PROMPT
Repeat the data that follows exactly, starting at the line with "Last move : 1-0" and ending at the line with "Om het doek", and leave out every picture.

EXERCISE INPUTS
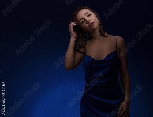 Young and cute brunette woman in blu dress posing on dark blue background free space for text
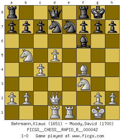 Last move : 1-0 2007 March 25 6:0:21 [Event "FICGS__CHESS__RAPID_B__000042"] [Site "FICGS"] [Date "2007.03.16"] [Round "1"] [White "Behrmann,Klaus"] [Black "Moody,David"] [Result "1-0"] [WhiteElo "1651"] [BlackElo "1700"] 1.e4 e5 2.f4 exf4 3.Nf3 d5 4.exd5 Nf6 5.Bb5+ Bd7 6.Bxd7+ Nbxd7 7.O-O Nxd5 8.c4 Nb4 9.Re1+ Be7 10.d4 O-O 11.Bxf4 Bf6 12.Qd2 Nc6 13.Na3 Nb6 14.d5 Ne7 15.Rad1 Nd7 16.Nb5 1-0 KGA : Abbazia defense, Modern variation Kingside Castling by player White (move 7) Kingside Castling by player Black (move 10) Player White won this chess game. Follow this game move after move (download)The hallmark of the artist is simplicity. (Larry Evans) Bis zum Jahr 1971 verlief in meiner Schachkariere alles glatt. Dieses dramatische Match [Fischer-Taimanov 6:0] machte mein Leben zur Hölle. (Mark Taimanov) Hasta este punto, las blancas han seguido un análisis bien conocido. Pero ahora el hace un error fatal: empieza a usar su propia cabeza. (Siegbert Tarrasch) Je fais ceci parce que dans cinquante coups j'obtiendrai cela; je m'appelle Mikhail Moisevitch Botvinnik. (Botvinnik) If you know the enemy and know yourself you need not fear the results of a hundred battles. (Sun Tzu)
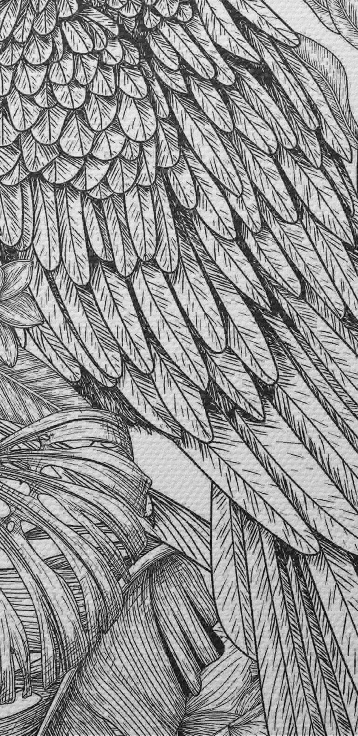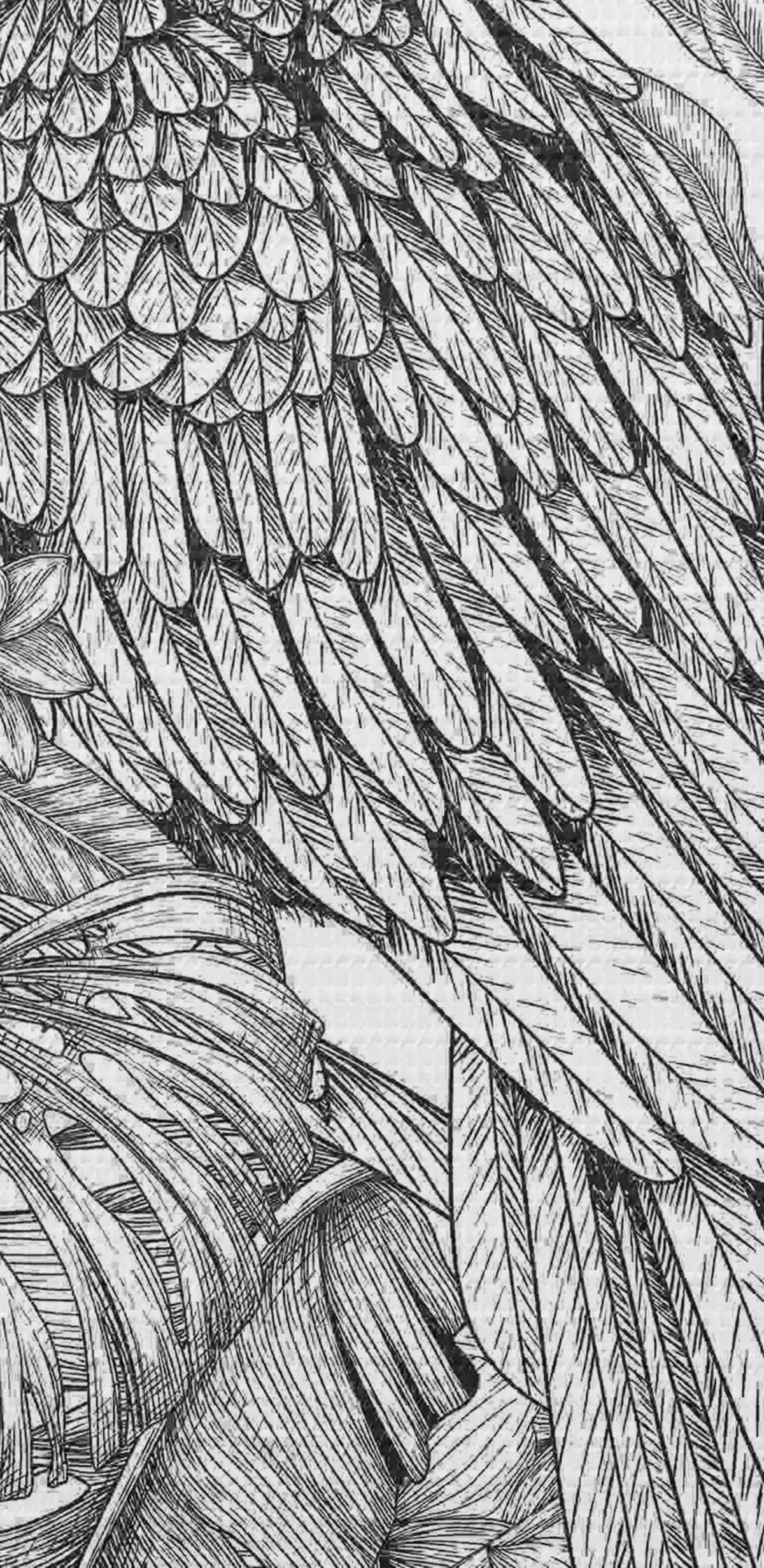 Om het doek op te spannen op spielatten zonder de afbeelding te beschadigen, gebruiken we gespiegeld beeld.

==

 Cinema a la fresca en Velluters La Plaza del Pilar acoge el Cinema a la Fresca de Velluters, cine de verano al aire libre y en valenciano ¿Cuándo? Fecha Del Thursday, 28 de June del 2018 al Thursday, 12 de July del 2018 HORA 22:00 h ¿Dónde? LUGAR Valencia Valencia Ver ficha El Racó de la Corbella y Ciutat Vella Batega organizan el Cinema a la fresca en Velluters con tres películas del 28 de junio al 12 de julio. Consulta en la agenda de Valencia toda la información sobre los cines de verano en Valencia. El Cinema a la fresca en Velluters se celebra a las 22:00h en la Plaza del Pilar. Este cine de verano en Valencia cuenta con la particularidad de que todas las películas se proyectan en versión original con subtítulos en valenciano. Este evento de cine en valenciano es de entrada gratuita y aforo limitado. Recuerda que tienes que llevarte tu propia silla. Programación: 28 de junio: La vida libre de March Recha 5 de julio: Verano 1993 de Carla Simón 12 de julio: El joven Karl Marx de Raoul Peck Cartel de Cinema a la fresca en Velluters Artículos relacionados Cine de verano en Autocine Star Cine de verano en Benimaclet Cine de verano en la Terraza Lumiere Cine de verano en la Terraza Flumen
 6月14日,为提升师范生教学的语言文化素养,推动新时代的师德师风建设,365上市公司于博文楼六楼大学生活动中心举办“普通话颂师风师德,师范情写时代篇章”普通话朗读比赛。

TASK RESPONSE
 Last move : 1-0 2007 March 25 6:0:21 [Event "FICGS__CHESS__RAPID_B__000042"] [Site "FICGS"] [Date "2007.03.16"] [Round "1"] [White "Behrmann,Klaus"] [Black "Moody,David"] [Result "1-0"] [WhiteElo "1651"] [BlackElo "1700"] 1.e4 e5 2.f4 exf4 3.Nf3 d5 4.exd5 Nf6 5.Bb5+ Bd7 6.Bxd7+ Nbxd7 7.O-O Nxd5 8.c4 Nb4 9.Re1+ Be7 10.d4 O-O 11.Bxf4 Bf6 12.Qd2 Nc6 13.Na3 Nb6 14.d5 Ne7 15.Rad1 Nd7 16.Nb5 1-0 KGA : Abbazia defense, Modern variation Kingside Castling by player White (move 7) Kingside Castling by player Black (move 10) Player White won this chess game. Follow this game move after move (download)The hallmark of the artist is simplicity. (Larry Evans) Bis zum Jahr 1971 verlief in meiner Schachkariere alles glatt. Dieses dramatische Match [Fischer-Taimanov 6:0] machte mein Leben zur Hölle. (Mark Taimanov) Hasta este punto, las blancas han seguido un análisis bien conocido. Pero ahora el hace un error fatal: empieza a usar su propia cabeza. (Siegbert Tarrasch) Je fais ceci parce que dans cinquante coups j'obtiendrai cela; je m'appelle Mikhail Moisevitch Botvinnik. (Botvinnik) If you know the enemy and know yourself you need not fear the results of a hundred battles. (Sun Tzu)
 Om het doek op te spannen op spielatten zonder de afbeelding te beschadigen, gebruiken we gespiegeld beeld.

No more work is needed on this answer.